Transcribe the data below verbatim from the line with "Material : Glass" to the line with "El hecho ocurrió". Include both of those lines.
*** Opening of Material provided ***
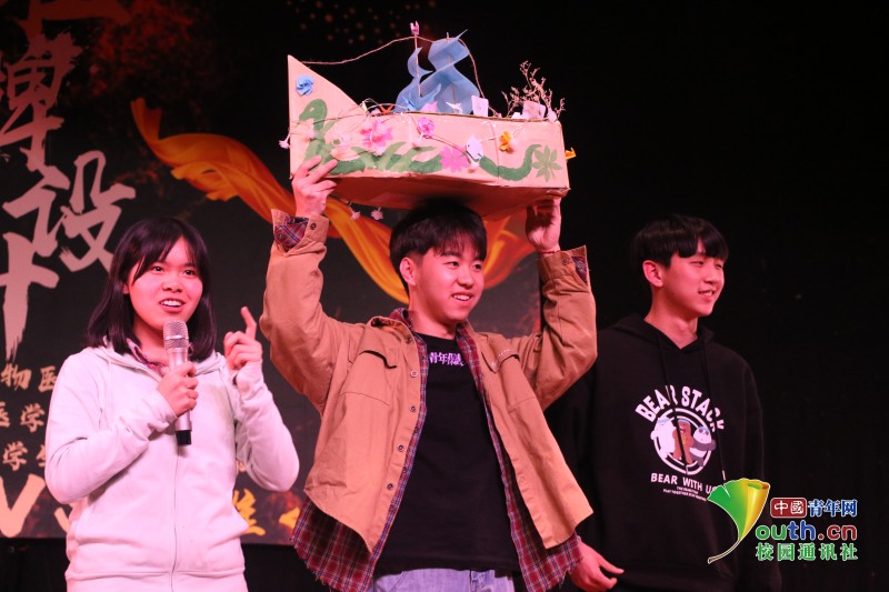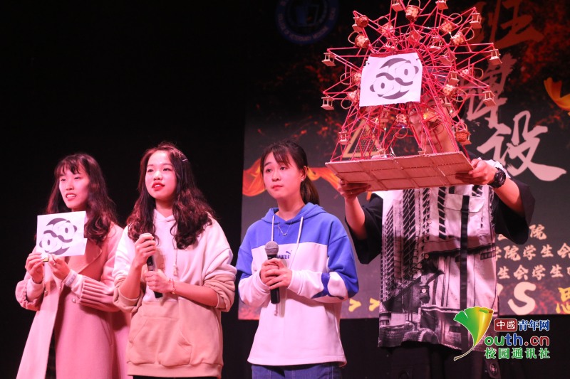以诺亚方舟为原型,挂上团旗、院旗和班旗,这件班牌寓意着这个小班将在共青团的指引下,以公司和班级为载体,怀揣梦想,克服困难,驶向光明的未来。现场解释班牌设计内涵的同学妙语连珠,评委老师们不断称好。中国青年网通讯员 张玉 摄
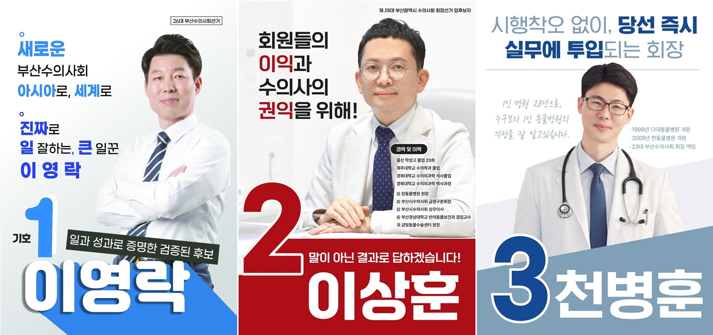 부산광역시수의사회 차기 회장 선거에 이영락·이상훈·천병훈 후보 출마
*** Close of Material provided ***
*** Opening of Material provided ***
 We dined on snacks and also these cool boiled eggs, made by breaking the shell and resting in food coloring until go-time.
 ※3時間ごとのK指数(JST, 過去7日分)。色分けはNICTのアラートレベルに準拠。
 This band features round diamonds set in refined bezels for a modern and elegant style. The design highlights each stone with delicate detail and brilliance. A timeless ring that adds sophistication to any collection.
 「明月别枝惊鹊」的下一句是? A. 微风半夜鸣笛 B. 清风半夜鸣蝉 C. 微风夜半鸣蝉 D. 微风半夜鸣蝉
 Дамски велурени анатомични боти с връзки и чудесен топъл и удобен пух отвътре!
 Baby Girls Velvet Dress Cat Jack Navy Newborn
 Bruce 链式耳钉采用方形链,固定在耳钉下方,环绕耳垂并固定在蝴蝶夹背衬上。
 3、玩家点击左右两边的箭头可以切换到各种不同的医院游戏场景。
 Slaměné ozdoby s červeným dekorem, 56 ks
*** Close of Material provided ***
*** Opening of Material provided ***
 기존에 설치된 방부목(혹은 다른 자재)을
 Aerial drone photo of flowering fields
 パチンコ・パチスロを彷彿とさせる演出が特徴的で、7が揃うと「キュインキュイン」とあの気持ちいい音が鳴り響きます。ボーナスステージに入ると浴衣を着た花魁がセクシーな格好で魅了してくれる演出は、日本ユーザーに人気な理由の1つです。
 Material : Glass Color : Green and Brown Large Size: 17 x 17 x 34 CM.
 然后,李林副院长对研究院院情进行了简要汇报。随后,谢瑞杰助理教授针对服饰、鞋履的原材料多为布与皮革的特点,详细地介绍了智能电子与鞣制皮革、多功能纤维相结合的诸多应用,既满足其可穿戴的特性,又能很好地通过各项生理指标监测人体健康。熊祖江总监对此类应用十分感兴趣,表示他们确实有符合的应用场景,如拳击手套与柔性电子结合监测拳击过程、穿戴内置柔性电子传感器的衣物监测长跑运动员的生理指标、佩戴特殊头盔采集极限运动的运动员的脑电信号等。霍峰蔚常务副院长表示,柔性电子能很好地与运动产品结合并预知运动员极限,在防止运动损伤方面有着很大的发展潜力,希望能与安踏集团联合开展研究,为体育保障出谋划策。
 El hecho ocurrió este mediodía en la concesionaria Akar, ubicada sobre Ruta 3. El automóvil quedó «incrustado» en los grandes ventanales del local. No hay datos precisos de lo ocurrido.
*** Close of Material provided ***
» Exercise solution:
 Material : Glass Color : Green and Brown Large Size: 17 x 17 x 34 CM.
 然后,李林副院长对研究院院情进行了简要汇报。随后,谢瑞杰助理教授针对服饰、鞋履的原材料多为布与皮革的特点,详细地介绍了智能电子与鞣制皮革、多功能纤维相结合的诸多应用,既满足其可穿戴的特性,又能很好地通过各项生理指标监测人体健康。熊祖江总监对此类应用十分感兴趣,表示他们确实有符合的应用场景,如拳击手套与柔性电子结合监测拳击过程、穿戴内置柔性电子传感器的衣物监测长跑运动员的生理指标、佩戴特殊头盔采集极限运动的运动员的脑电信号等。霍峰蔚常务副院长表示,柔性电子能很好地与运动产品结合并预知运动员极限,在防止运动损伤方面有着很大的发展潜力,希望能与安踏集团联合开展研究,为体育保障出谋划策。
 El hecho ocurrió este mediodía en la concesionaria Akar, ubicada sobre Ruta 3. El automóvil quedó «incrustado» en los grandes ventanales del local. No hay datos precisos de lo ocurrido.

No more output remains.